The synthetic division table is:
$$ \begin{array}{c|rrrr}-3&1&4&-2&-15\\& & -3& -3& \color{black}{15} \\ \hline &\color{blue}{1}&\color{blue}{1}&\color{blue}{-5}&\color{orangered}{0} \end{array} $$The solution is:
$$ \frac{ x^{3}+4x^{2}-2x-15 }{ x+3 } = \color{blue}{x^{2}+x-5} $$Step 1 : Write down the coefficients of the dividend into division table. Put the zero from $ x + 3 = 0 $ ( $ x = \color{blue}{ -3 } $ ) at the left.
$$ \begin{array}{c|rrrr}\color{blue}{-3}&1&4&-2&-15\\& & & & \\ \hline &&&& \end{array} $$Step 1 : Bring down the leading coefficient to the bottom row.
$$ \begin{array}{c|rrrr}-3&\color{orangered}{ 1 }&4&-2&-15\\& & & & \\ \hline &\color{orangered}{1}&&& \end{array} $$Step 2 : Multiply by the number on the left, and carry the result into the next column: $ \color{blue}{ -3 } \cdot \color{blue}{ 1 } = \color{blue}{ -3 } $.
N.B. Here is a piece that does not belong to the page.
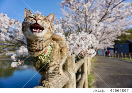 猫 散歩 お花見
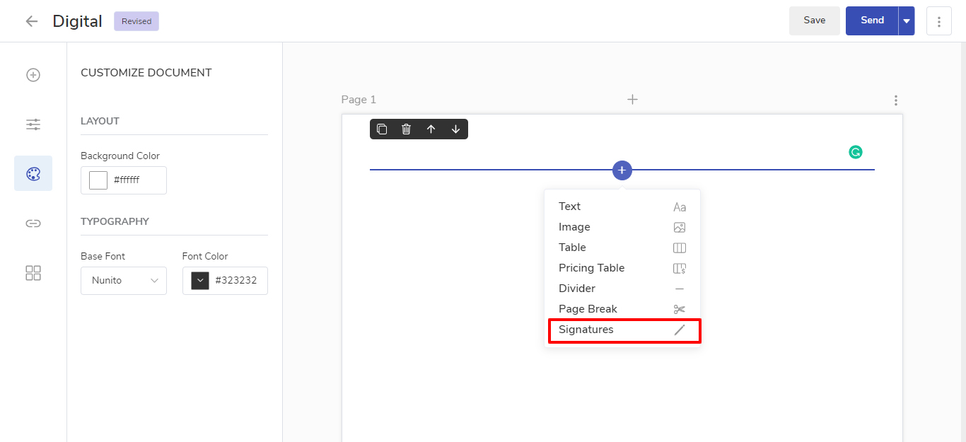 How to add a digital signature option to the Proposal?

$$ \begin{array}{c|rrrr}\color{blue}{-3}&1&4&-2&-15\\& & \color{blue}{-3} & & \\ \hline &\color{blue}{1}&&& \end{array} $$Step 3 : Add down last column: $ \color{orangered}{ 4 } + \color{orangered}{ \left( -3 \right) } = \color{orangered}{ 1 } $
$$ \begin{array}{c|rrrr}-3&1&\color{orangered}{ 4 }&-2&-15\\& & \color{orangered}{-3} & & \\ \hline &1&\color{orangered}{1}&& \end{array} $$Step 4 : Multiply by the number on the left, and carry the result into the next column: $ \color{blue}{ -3 } \cdot \color{blue}{ 1 } = \color{blue}{ -3 } $.
$$ \begin{array}{c|rrrr}\color{blue}{-3}&1&4&-2&-15\\& & -3& \color{blue}{-3} & \\ \hline &1&\color{blue}{1}&& \end{array} $$Step 5 : Add down last column: $ \color{orangered}{ -2 } + \color{orangered}{ \left( -3 \right) } = \color{orangered}{ -5 } $
$$ \begin{array}{c|rrrr}-3&1&4&\color{orangered}{ -2 }&-15\\& & -3& \color{orangered}{-3} & \\ \hline &1&1&\color{orangered}{-5}& \end{array} $$Step 6 : Multiply by the number on the left, and carry the result into the next column: $ \color{blue}{ -3 } \cdot \color{blue}{ \left( -5 \right) } = \color{blue}{ 15 } $.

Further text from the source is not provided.